- [Task brief]: Could you output every record below exactly, leaving out the pictures?

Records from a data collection
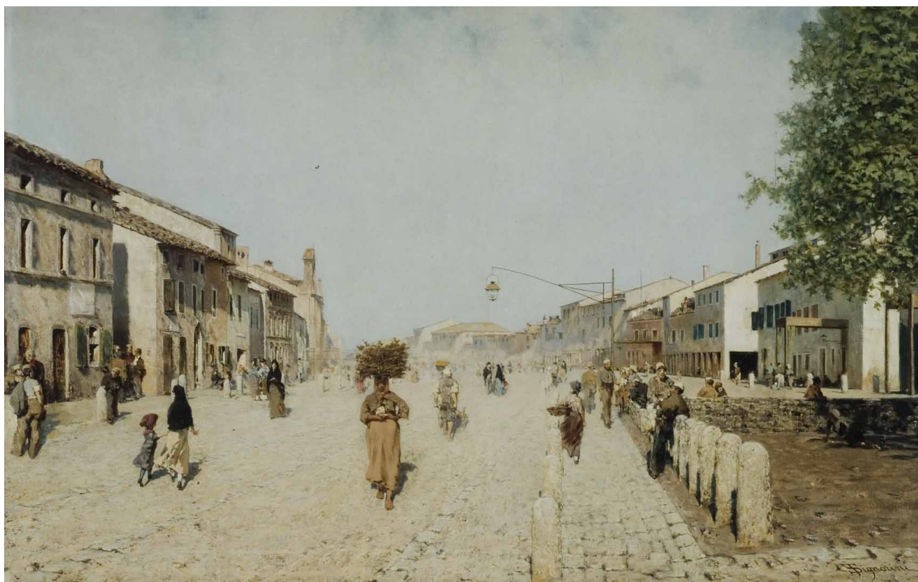
Telemaco Signorini, Sobborgo di Porta Adriana a Ravenna

Cammineremo tra piazze e strade che prendono vita nelle opere degli artisti e costruiremo la nostra città ideale sperimentando con le tecniche, come veri architetti del futuro.
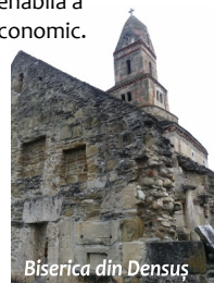
Biserica din Densuș
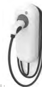
OPTIONAL: SMART PARTNER WALLBOX 2 .
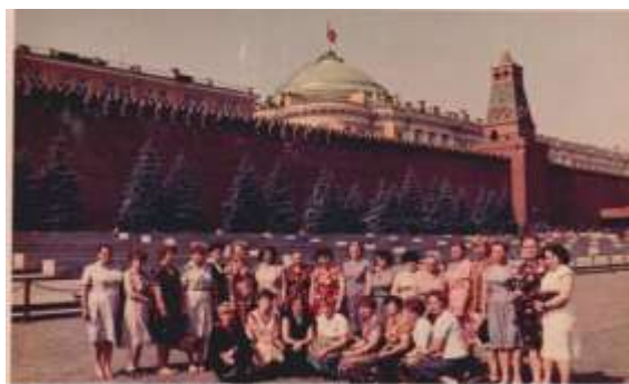
1980 –е годы
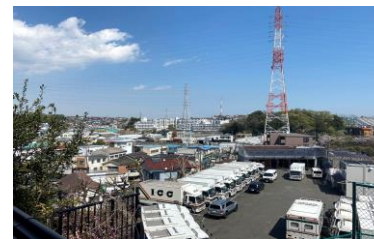
【現地バルコニー眺望】

- [Result below]:
Telemaco Signorini, Sobborgo di Porta Adriana a Ravenna

Cammineremo tra piazze e strade che prendono vita nelle opere degli artisti e costruiremo la nostra città ideale sperimentando con le tecniche, come veri architetti del futuro.
Biserica din Densuș
OPTIONAL: SMART PARTNER WALLBOX 2 .
1980 –е годы
【現地バルコニー眺望】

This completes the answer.